Тут и намек на спецодежду агента, и на привычку легко входить в доверие, и вместе с тем могучие и повелительные интонации. И весьма характерный штрих, который обычно относили только к известного рода господам – особый взгляд: «Впрочем, как же вы говорите… – прибавил Ярослав Ильич, пристально вперив
У Ярослава Ильича «сладенький тенор», но хватка железная, в образе Порфирия Петровича эта хватка, этот характер получили развитие. Он тоже говорлив и дружелюбен, но добавлен очень живой штрих, который и заставил современных исследователей (Ю. Карякин и др.) видеть в нем следователя эпохи Александра Второго, следователя как бы новой, прогрессивной формации, хотя у него «ядовитый характер». Змеиная сущность, конечно, характерна для агентов тайной полиции. И, как мы знаем из жизни и из литературы, эти агенты постоянно намекают на свою особость. Ядовитый характер – это сказано самим Порфирием о себе откровенно, но все время двусмысленность, звучащая в его интонации, не дает поверить ни одному его слову. Порфирий постоянно провоцирует Раскольникова. То вдруг он вспоминает о статье, которую до того момента писатель не предъявлял нам, и с интересом наблюдает, не признается ли Раскольников, что идеи этой статьи в основе убийства. Сам потом признается: «Вспомнил тут я и вашу статейку, в журнальце-то, помните, еще в первое-то ваше посещение в подробности о ней-то говорили. Я тогда поглумился, но это для того, чтобы вас на дальнейшее вызвать». Потом спрашивает, видел ли Раскольников красильщиков (хотя они были в день убийства), а по версии Раскольникова, они были лишь за три дня до убийства. Раскольников выскальзывает и из этой ловушки. Потом пытается свести его с мещанином, «выросшим из-под земли» со словом «убивец», рассчитывая, что эта встреча собьет Раскольникова с толку, и он как натура впечатлительная признается во всем. Карты ему путает Миколка-красильщик, вдруг объявивший, что убил он, что на него «омрачение» нашло. Но тему Миколки он не оставляет, словно взывая к старообрядческому этосу Раскольникова: «А известно ли вам, что он из раскольников, да и не то чтоб из раскольников, а просто сектант; у него в роде бегуны бывали, и сам он еще недавно, целых два года, в деревне, у некоего старца под духовным началом был. Всё это я от Миколки и от зарайских его узнал. Да куды! просто в пустыню бежать хотел! <…> Так вот, я и подозреваю теперь, что Миколка хочет “страдание принять” или вроде того».

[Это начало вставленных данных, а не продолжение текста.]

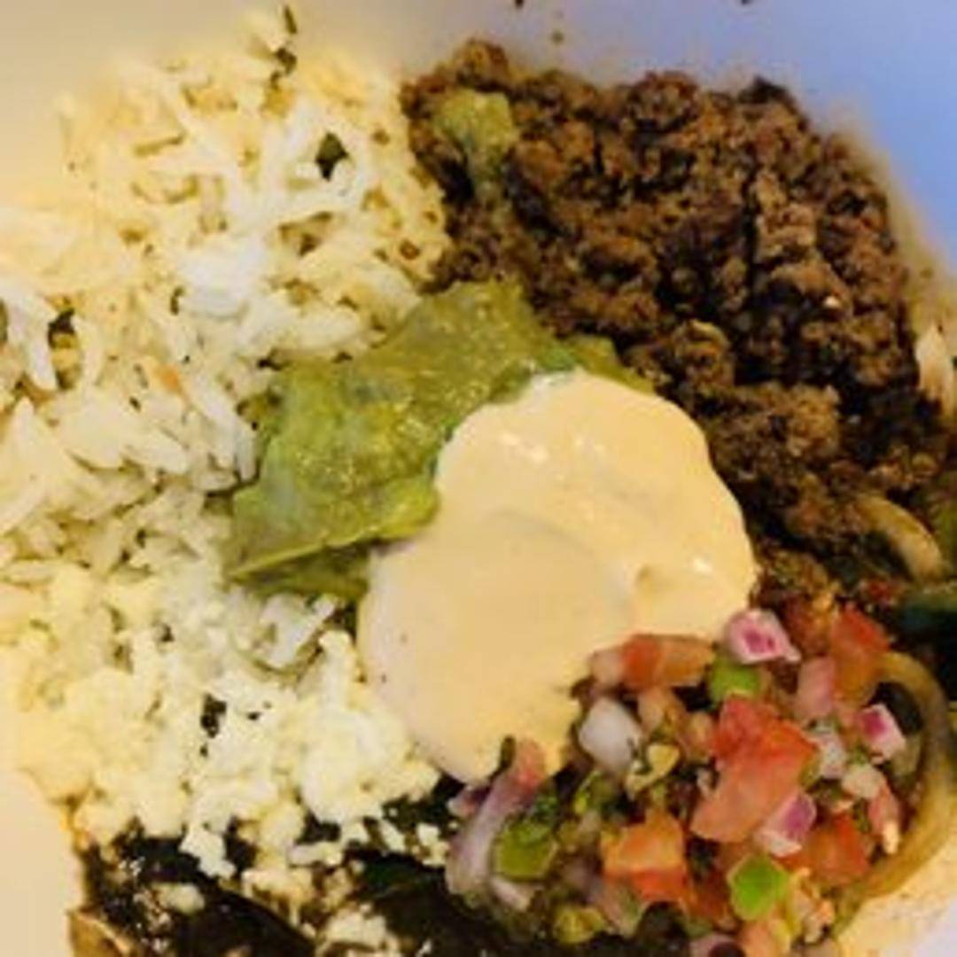 A vibrant and flavorful bowl featuring your choice of protein (chicken, steak, or plant-based options available), sautéed peppers and onions, Spanish rice, black beans, guacamole, pico de gallo, and a drizzle of cilantro-lime dressing. Served over a bed of crisp romaine lettuce. Gluten-free.

Альтман так комментирует эти слова Порфирия: «Порфирий Петрович (устами которого говорит сам Достоевский) совершенно правильно понимает мотивы, побудившие Миколку принять на себя чужое преступление. Правилен и путь поисков Порфирия Петровича “от зарайских его узнал”. Миколка – уроженец Зарайского уезда Рязанской губернии, той губернии и того уезда, где искони (начиная с XVIII века) подвизались сектанты и раскольники. <…> Не без значения и упоминание Порфирия Петровича о связи Миколки с бегунами: именно из секты бегунов чаще всего выходили такие жаждущие “принять страдание”»[116].
Но и Раскольников тоже из этих мест. И, разумеется, Порфирию это известно. Карякин замечает, что Порфирий – новый тип следователя, рожденный великой реформой, которому не засудить надо, а суть преступника понять. Так ли?

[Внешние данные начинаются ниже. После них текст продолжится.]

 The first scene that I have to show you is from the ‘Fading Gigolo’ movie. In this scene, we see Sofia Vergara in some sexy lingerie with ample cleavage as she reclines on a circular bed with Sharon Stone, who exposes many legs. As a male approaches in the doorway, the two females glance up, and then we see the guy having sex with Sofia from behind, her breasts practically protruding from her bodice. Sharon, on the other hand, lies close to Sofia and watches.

Но Порфирий Петрович делает иное. Как Смердяков убеждает всех (включая последующих исследователей), что отца он убил под влиянием идеи Ивана Карамазова, хотя при ясном взгляде очевидно, что руководствовался он вполне меркантильными целями. Но и Порфирий убеждает всех (первыми поддались исследователи), пытается даже самого Раскольникова убедить, что убийство им совершено как результат идеи, теоретически, по теории говоря, что если бы он выдумал другую теорию, то он не одну старушку, а, может, и миллионных жертв потребовал. Однако Раскольников в своей статье к убийству не призывал, как я попытался показать выше. Он писал о трагическом бытии творцов, не принимаемых массой. И о том, что правящие массой политики и есть реальные убийцы, строящие свою власть на смерти. В словах Порфирия чистая подмена и подстава. Подменная оценка, однако, пошла гулять в головах критиков.
Но вот вместо Миколки решает «пострадать» Раскольников. Порфирий проявил благородство, свойственное, быть может, в ту эпоху и агентам Третьего отделения, сдержал свое обещание, сказал, что Раскольников сам сознался. Восемь лет каторги оказались серьезным страданием. Поскольку каторжники, в сущности, разделяют отношение Порфирия к Раскольникову. Ибо Раскольников не простой убийца, они тоже его воспринимают, как чужого, который не по нужде, а из идеи убил.
Он иной, не мужик, он интеллектуал. Не случайно каторжные мужики относятся к нему с презрением:
«– Ты барин! – говорили ему. – Тебе ли было с топором ходить; не барское вовсе дело».
Поразительно, что преступники, убийцы и живодеры, обвиняют его в неверии в Бога, примерно как последующая и нынешняя критика. А за это хотят убить. Вопрос, что же для этих каторжан Бог? Они могли бы забить насмерть клячу, убить старуху, но это «
«На второй неделе великого поста пришла ему очередь говеть вместе с своей казармой. Он ходил в церковь молиться вместе с другими. Из-за чего, он и сам не знал того, – произошла однажды ссора; все разом напали на него с остервенением.
«– Ты безбожник! Ты в Бога не веруешь! – кричали ему. – Убить тебя надо».
Но мы-то знаем, что в Бога он верит, но, видимо, иначе, чем настоящие убийцы.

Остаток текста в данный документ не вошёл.